In the case of word clouds, there are a number of applications you can use to generate them. Wordle is a popular free product (created by Jonathan Feinberg of IBM, note that if you upload your Wordle to the gallery, the data goes with it, though you can also opt for local-only word cloud generation) that allows for quite a bit of customization of color, size, font, etc. Google docs has a word cloud gadget within spreadsheets. There are a number of others, easily located via a Google search.

But before you start thinking about generating word clouds, let's continue our discussion on their efficacy. Their sexiness can draw you in. But is there value beyond that? I think it comes down to the use case. I've got one example for the negative and one for the affirmative.

Poor use of word clouds
First, let's take a look at an example from a Community Health Center. My understanding is that they employed a consultant to analyze some survey data from their clients. The consultant put together a report filled with pretty word clouds like this one:


Good service is... minutes? Part of the challenge in this case is that the connotation has been completely stripped away from the nouns, removing the sentiment behind the comments. Which is kind of the important part of the comments, in my opinion. But in reading the report, buried near the end of it, I found the following:

The consultants took the time to content-code the comments. These categories and their descriptions are much more useful for understanding what people value than the word cloud. With this info, we can direct action: we get an understanding of what's going well that we want to maintain, as well as potential areas for improvement. We could take this a step further of making the data visual like this:


In this case, I think the simple bar chart is much more useful (in terms of both understanding the information and determining how to act on it) than the word cloud. Now let's look at a better use of word clouds.

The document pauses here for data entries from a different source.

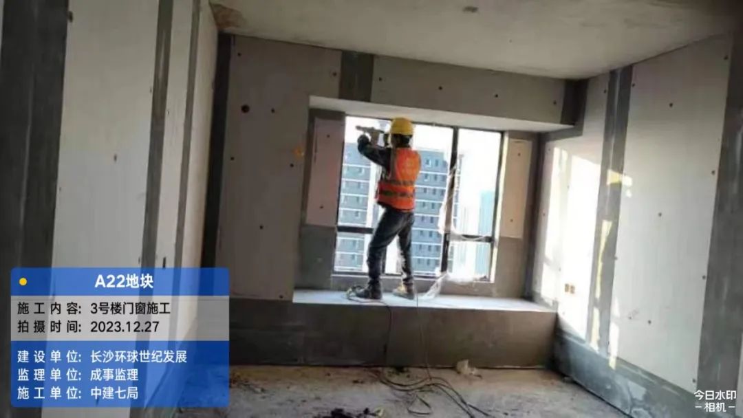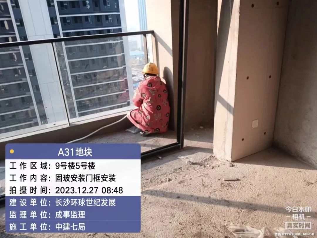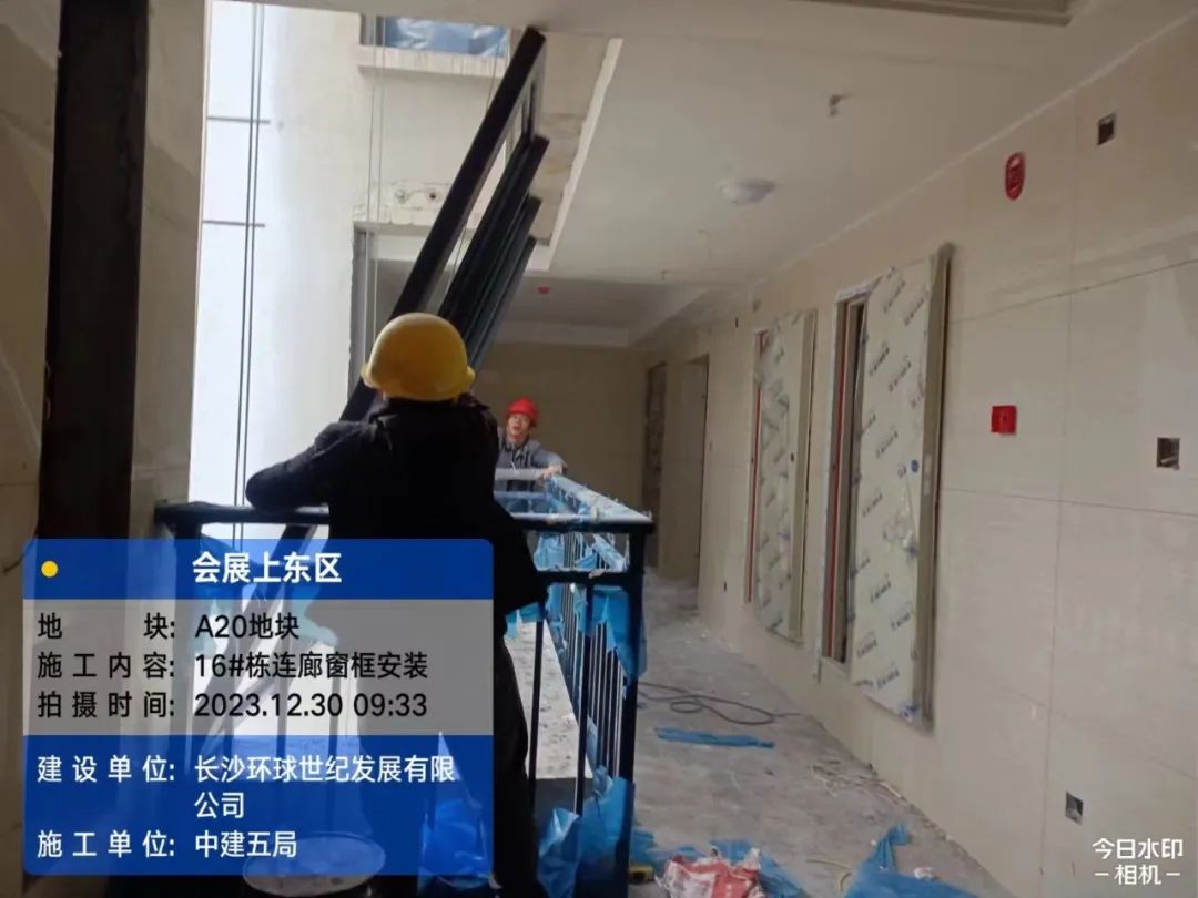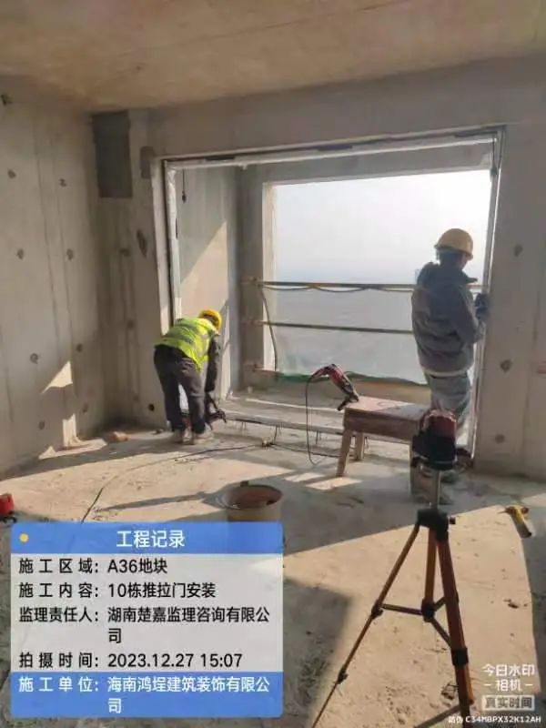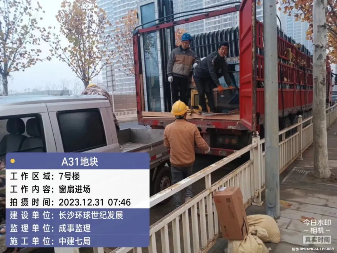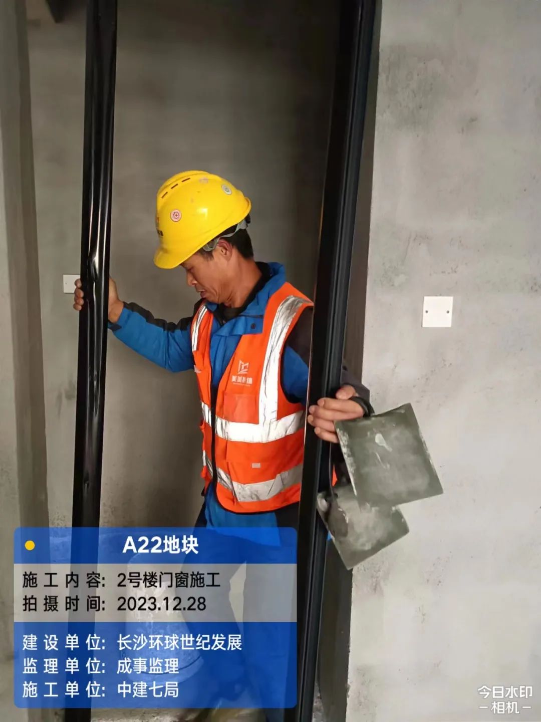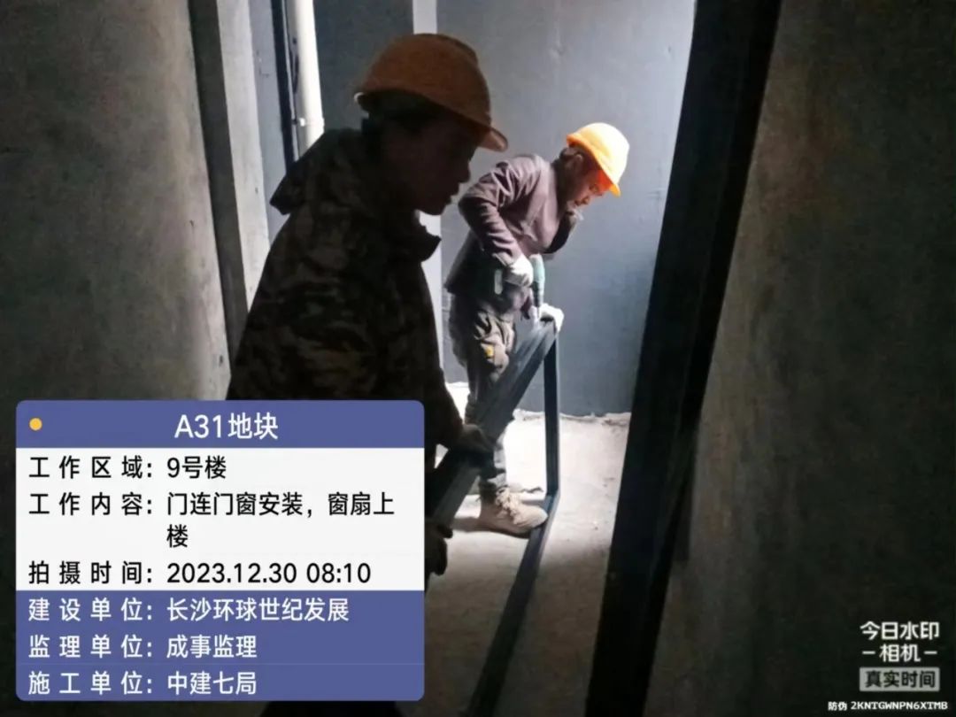 5#、7#、9#栋固定玻璃及推拉门上运材料,安装固定玻璃;防火窗、防火门扇安装。
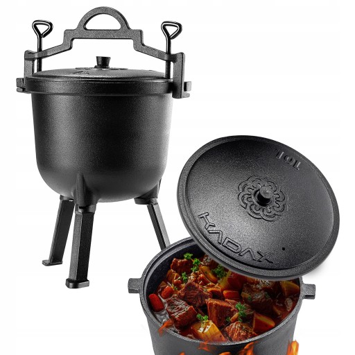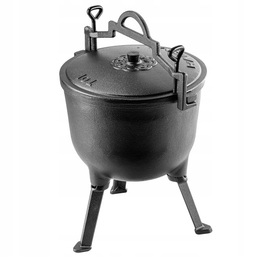 ЧУГУННЫЙ ОХОТНИЧИЙ КОЛДЕЛ 10 Л КОСТРОВАЯ ГОРШКА-ГРИЛЬ ДЛЯ ЗАПЕЧКИ
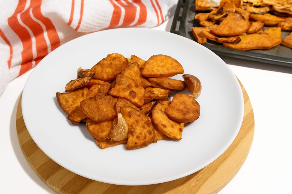 Als je een nog snellere versie wilt, bak de bataat in een airfryer op 190°C gedurende 15-18 minuten, schud het mandje halverwege. Ze worden super knapperig met heel weinig olie.
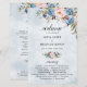 Cartão de programa de casamento floral azul poeirento botânico com elegantes buquês de azul-marinho / azul poeirento, branco, rosa bege, rosa pêssego e folhas de eucalipto verde-sage. Por favor, entre em contato comigo para qualquer ajuda na personalização ou se você precisar de qualquer outro produto com este design.
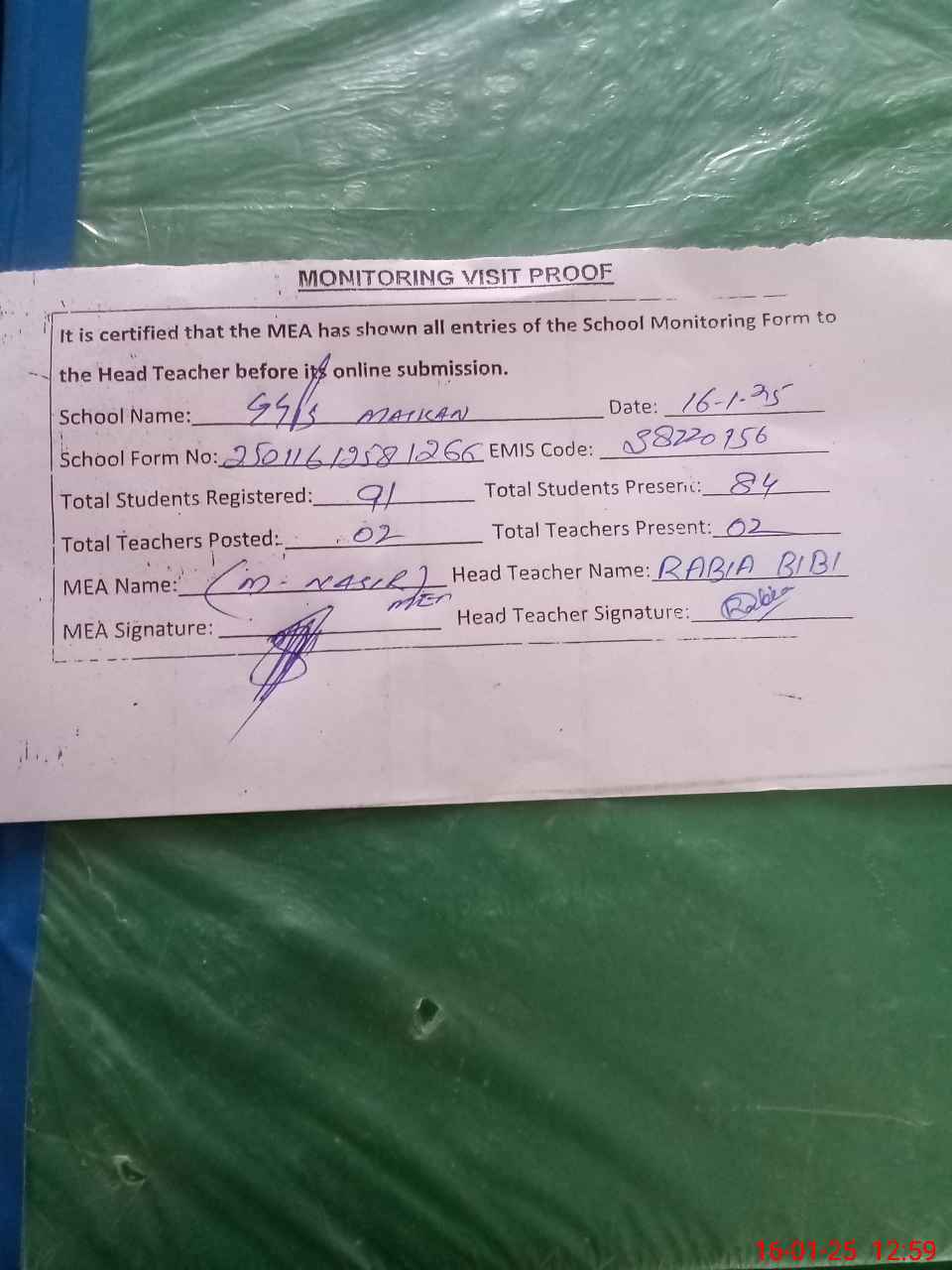| Certified that this School was Inspected by the Undersigned MEA/DMO Today and the Information Stated Above is as Per Record. | |||||
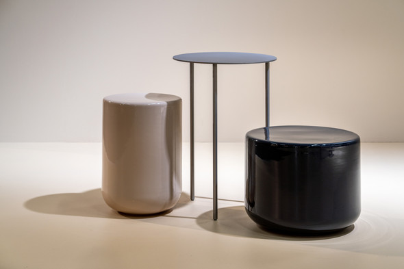 Subtilní vyšší stolek z matné práškově lakované oceli dobře doplňuje nižší masivnější stůl z glazované keramiky s lesklým povrchem.
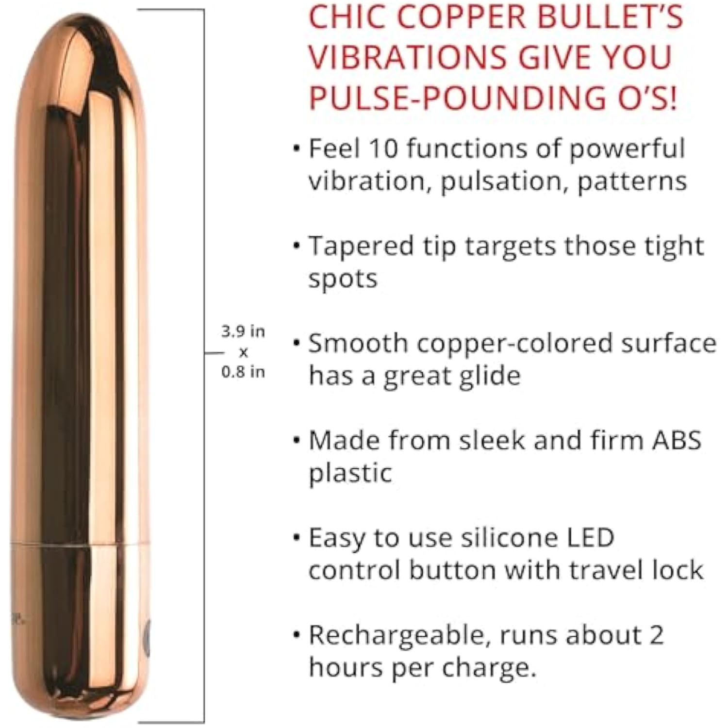 =- Tapered Tip For Targeted Stimulation: The Sleek Copper Colored Surface With A Tapered Tip Delivers Precise Pleasure To All Your Sensitive Areas. Perfect For Clit, Nipples, Taint, And Even G Spot Play, This Bullet Vibrator Offers Pinpoint Stimulation And
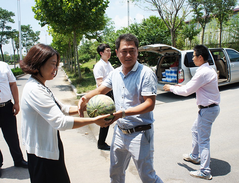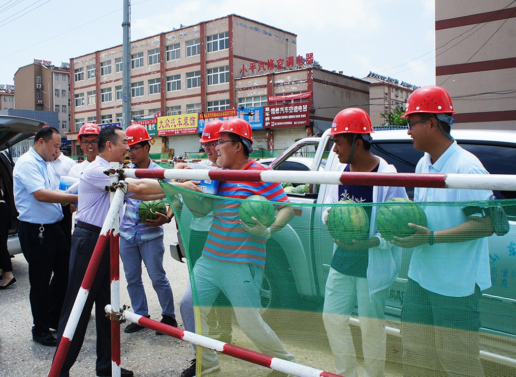 近日我市持續(xù)多日的高溫酷暑天氣,給施工生產(chǎn)一線的相關(guān)部門帶來了嚴峻的考驗。7月7日,在公司黨總支書記、常務(wù)副總經(jīng)理夏士泉的帶領(lǐng)下,公司工會、行政部、人企部等部門人員組成慰問組,代表公司高層深入一線走訪慰問。為烈日酷暑下奮戰(zhàn)在一線的廣大職工送去了防暑降溫用品,并帶去了公司高層的親切慰問。
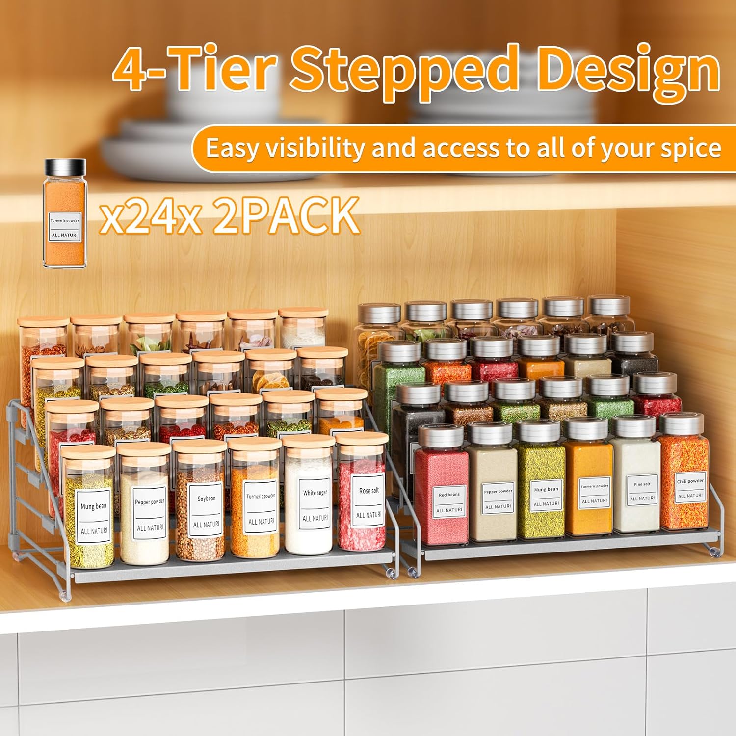 - 【2 PACK 4 Tier Spice Rack Maximize Cabinet Space】:RCHYFEED spice rack organizer with 4 tier stepped design, provides easy visibility and access to all of your spices.It maximize your kitchen's vertical storage space,holds 48 spice jars.The spice organizer is: 13"x10"x6.5",fits perfectly on your kitchen countertop or inside a cabinet.
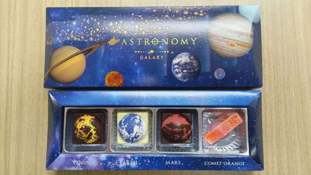 明日はバレンタインデーなので錦糸町マルイに行ってみました。今年は1F催事場に9店もチョコレートメーカーが出店してました。「京都ふらんすや」の新作?ナマケモノ~んや本格ベルギー高級チョコの「ダルシー」、人生の鍵となる日のために食べてほしい鍵型をした「キャギドレーブ」、定番のポケモンキャラのチョコなど色々ありました。特に気になった神秘的な惑星のきらめきをイメージしたという「アストロノミー」というブランドを購入してみました。ちゃんと写真で見る火星、金星、地球の色のセットでした。もちろん特別販売は明日までです。

Thoughtful use of word clouds
Caveat: this example came to me by way of the telephone game (I heard it from someone who heard it from someone), which means it's guaranteed that I don't have the details totally right. But I think this still serves well as an example of a good use of word clouds. The story goes: Apple stores obviously really value customer service. They use surveys to collect info about each store. Each day, they create a word cloud for each store based on customer comments. What they are looking for are 5 (I'm making that number up, I don't know what the real number is) specific words - things that are considered must-haves when it comes to customer service in their stores. It's when these [5] words don't show up prominently on the word cloud for a given store that a red flag is raised and some sort of action is taken.

This is what I would consider a thoughtful and actionable use of word clouds. If the required word doesn't appear, some sort of intervention happens.

We can generalize this to the following: when you're considering using a word cloud, think about what you want your audience to know and what you want your audience to do. Then ask yourself if a word cloud will enable them to know and do those things.

And for goodness sake, if you do use a word cloud - leverage some of the tools that exist - don't try to create it by hand!